Groups ≠ 1 and In_channels < Out_channels
Now let’s see how the groups value affects the resulting convolution paths when the number of output channels is more than the number of input channels. Let’s assume we have 4 input channels and 8 output channels. With groups = 4, we find the weight shape to be torch.Size([8, 1, 5, 5]). This choice of groups then results in 8 filters with each filter having only one input. On the other hand, groups value of 2 results in 8 filters with each filter convolving 2 input channels.
Groups ≠ 1 and In_channels = Out_channels
When the number of input and output channels are same, and the groups parameter is set to the number of channels, then each input channel is convolved separately to produce a corresponding output channels. This means a direct one to one connection is made between each input-output channel pair. When any other valid groups value is used, then that value specifies the number of input channels that will be convolved together along any path between input and output. Thus, with in_channels = out_channels = 4, and groups = 2, we will have 4 filters with two input channels being convolved per filter.
To summarize from above, we see that the ratio of number of input channels to the groups value determines the number of input channels that will be grouped per filter. Of course, the number of filters equals the number of output channels.

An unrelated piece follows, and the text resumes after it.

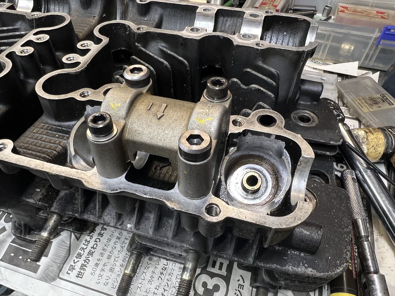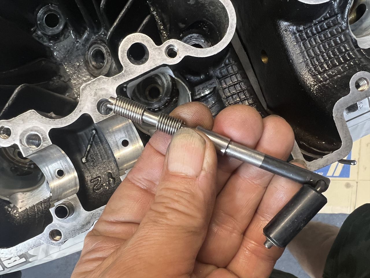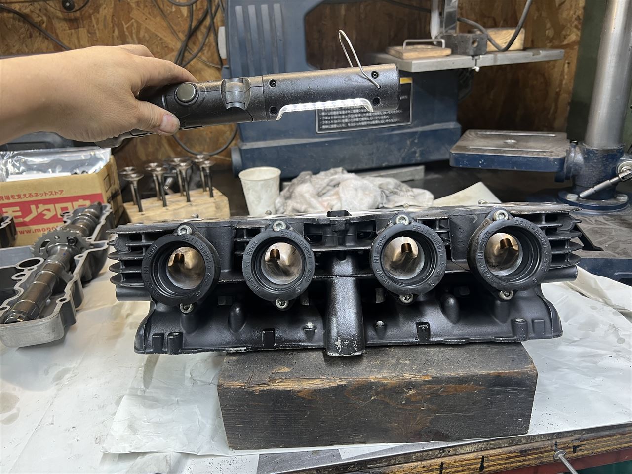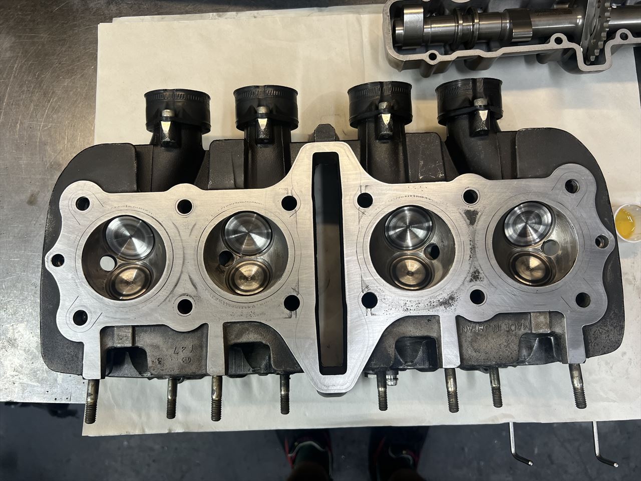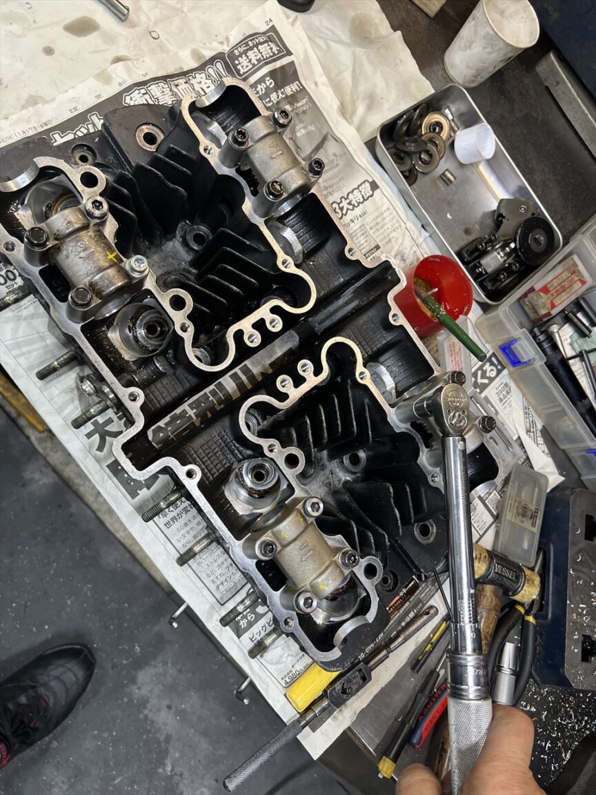 バルブを組み付けます。ヘッドは修復完了です。
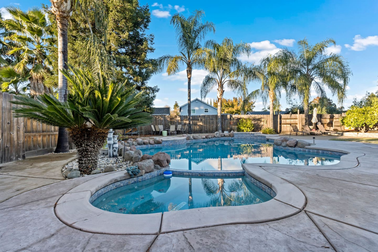 Single-story 3BR/2BA with pool, hot tub, BBQ, fenced yard in Roseville. King + 2 queens, fireplace, garage. Near Galleria. Pet-friendly. Sleeps 6.

Convolutions performed using the non-default value for groups are called grouped convolutions. These convolutions offer two advantages. First, the grouped convolutions by virtue of offering multiple paths allow multiple GPUs to be used in parallel during training making the training efficient. The second advantage is the decrease in the size of parameters because of grouping. You may want to read about how these convolutions have been used in the Alexnet architecture, and in the ResNeXt.